Он понимал, почему она плакала, - в числе расстрелянных мог оказаться и ее муж-офицер. Но вряд ли такое было возможно, чтобы расстрелять пленных. Хотя... Уже после того, как она ушла из боковушки, он стал думать и кое-что вспомнил из разговоров среди командиров позапрошлой весной. Тогда пришел приказ откомандировать группу саперов в Смоленск для выполнения секретного задания. Эту группу комплектовали в штабе, с ее подбором и инструктажом суетился начальник особого отдела, что, в общем, было не совсем обычно, но тогда на это мало кто обратил внимание, и вскоре мало чем примечательный эпизод вообще забылся. Чтобы вот аукнуться для Булавского таким образом.
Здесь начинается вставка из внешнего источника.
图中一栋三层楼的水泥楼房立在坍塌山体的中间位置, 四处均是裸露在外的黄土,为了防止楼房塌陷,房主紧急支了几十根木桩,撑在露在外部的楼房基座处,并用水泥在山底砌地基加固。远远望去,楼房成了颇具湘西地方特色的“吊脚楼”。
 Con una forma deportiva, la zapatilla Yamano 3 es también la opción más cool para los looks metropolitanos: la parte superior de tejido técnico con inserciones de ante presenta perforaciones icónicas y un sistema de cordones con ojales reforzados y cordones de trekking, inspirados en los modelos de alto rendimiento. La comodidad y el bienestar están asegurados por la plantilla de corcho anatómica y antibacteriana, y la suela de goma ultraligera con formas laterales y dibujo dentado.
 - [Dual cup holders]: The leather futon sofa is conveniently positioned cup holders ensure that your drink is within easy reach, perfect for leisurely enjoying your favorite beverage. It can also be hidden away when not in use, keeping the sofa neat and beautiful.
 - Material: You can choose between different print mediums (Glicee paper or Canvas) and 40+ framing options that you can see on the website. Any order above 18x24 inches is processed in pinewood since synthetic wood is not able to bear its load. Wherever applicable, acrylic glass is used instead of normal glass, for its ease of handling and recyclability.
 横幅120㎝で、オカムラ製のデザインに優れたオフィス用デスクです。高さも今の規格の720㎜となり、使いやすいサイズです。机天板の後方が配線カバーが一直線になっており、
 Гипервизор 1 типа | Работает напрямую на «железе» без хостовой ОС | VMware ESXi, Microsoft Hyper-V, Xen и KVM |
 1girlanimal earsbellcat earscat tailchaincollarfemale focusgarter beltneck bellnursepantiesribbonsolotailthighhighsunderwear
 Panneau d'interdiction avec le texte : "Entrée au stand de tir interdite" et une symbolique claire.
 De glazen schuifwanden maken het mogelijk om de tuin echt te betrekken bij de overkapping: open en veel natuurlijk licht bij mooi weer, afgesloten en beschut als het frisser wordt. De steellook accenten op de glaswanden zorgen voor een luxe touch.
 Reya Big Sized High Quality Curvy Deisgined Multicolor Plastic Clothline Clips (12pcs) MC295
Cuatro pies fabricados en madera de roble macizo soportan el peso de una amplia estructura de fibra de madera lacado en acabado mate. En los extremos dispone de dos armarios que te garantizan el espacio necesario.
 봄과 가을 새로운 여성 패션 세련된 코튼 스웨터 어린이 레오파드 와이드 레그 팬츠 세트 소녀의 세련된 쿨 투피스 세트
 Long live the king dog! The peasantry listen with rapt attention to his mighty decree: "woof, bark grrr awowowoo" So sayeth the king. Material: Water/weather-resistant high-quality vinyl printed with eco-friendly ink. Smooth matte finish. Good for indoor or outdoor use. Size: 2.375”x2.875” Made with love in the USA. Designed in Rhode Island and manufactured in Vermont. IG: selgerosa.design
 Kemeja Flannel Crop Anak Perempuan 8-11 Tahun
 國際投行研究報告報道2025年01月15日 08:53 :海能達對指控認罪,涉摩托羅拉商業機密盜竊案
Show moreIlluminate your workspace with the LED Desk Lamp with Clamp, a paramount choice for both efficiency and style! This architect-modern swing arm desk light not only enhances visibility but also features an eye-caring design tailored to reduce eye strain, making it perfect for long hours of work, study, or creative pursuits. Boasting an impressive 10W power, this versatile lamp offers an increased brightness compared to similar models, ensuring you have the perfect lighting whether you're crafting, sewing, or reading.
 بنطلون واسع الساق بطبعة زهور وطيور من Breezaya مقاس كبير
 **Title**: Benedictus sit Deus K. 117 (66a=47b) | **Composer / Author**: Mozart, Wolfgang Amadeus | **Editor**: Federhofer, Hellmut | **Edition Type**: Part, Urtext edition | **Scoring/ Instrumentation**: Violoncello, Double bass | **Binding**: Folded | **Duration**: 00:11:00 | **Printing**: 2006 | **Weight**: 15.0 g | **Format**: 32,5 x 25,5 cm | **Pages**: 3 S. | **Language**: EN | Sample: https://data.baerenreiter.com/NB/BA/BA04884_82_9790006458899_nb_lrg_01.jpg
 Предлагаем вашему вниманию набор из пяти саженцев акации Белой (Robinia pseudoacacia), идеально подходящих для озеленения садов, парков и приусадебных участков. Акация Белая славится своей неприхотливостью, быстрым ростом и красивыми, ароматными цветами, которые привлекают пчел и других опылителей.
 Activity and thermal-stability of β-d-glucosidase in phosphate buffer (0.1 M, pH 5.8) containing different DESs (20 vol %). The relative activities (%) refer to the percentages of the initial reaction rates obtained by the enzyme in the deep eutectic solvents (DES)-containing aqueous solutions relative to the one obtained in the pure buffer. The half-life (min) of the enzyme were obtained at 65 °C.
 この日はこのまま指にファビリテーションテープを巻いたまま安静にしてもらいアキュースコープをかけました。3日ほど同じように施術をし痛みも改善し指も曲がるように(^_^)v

Но он не ответил на ее вопрос - большевик ли он. Может быть, впервые он заколебался с такого рода ответом, хотя в кармане его гимнастерки два года как лежал партбилет с аккуратными пометками о взносах. Сказать что-либо определенное этой женщине у него не хватило решимости. А может быть, такта...
Теперь, когда он стал поправляться, его все чаще занимали беспокойные мысли о семье, о жене с дочкой.